[PATCH v3 08/13] task_isolation: arch/arm: enable task isolation functionality

[Alex Belits <abelits@marvell.com>]

From: Francis Giraldeau <francis.giraldeau@gmail.com>

This patch is a port of the task isolation functionality to the arm 32-bit
architecture. The task isolation needs an additional thread flag that
requires to change the entry assembly code to accept a bitfield larger than
one byte. The constants _TIF_SYSCALL_WORK and _TIF_WORK_MASK are now
defined in the literal pool. The rest of the patch is straightforward and
reflects what is done on other architectures.

To avoid problems with the tst instruction in the v7m build, we renumber
TIF_SECCOMP to bit 8 and let TIF_TASK_ISOLATION use bit 7.

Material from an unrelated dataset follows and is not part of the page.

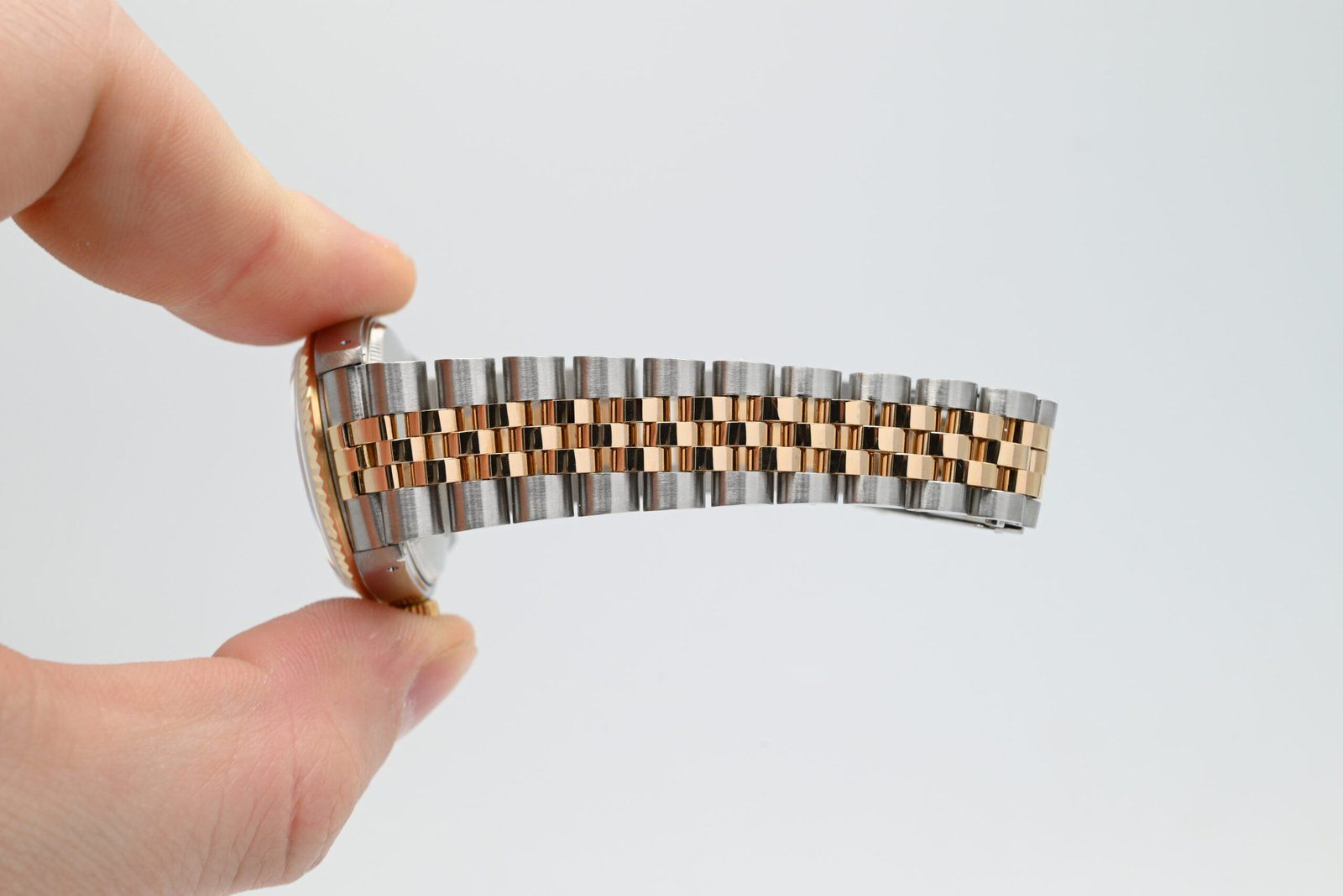- Minor signs of wear such as hairline marks or small surface scratches. Case, bezel, and bracelet retain sharp edges and overall form. May have been professionally polished without affecting the original contours. Fully functional mechanically.
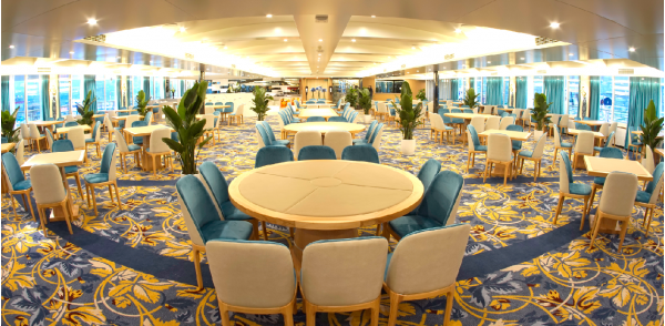 2、因船上餐廳空間有限,所以游客在船上用餐,不論自助餐、桌餐,統一實行固定座位,游客具體用餐座位請以上船后船方工作安排為準。

Signed-off-by: Francis Giraldeau <francis.giraldeau@gmail.com>
Signed-off-by: Chris Metcalf <cmetcalf@mellanox.com> [with modifications]
[abelits@marvell.com: modified for kernel 5.6, added isolation cleanup]
Signed-off-by: Alex Belits <abelits@marvell.com>
---
 arch/arm/Kconfig                   |  1 +
 arch/arm/include/asm/thread_info.h | 10 +++++++---
 arch/arm/kernel/entry-common.S     | 15 ++++++++++-----
 arch/arm/kernel/ptrace.c           | 10 ++++++++++
 arch/arm/kernel/signal.c           | 13 ++++++++++++-
 arch/arm/kernel/smp.c              |  4 ++++
 arch/arm/mm/fault.c                |  8 +++++++-
 7 files changed, 51 insertions(+), 10 deletions(-)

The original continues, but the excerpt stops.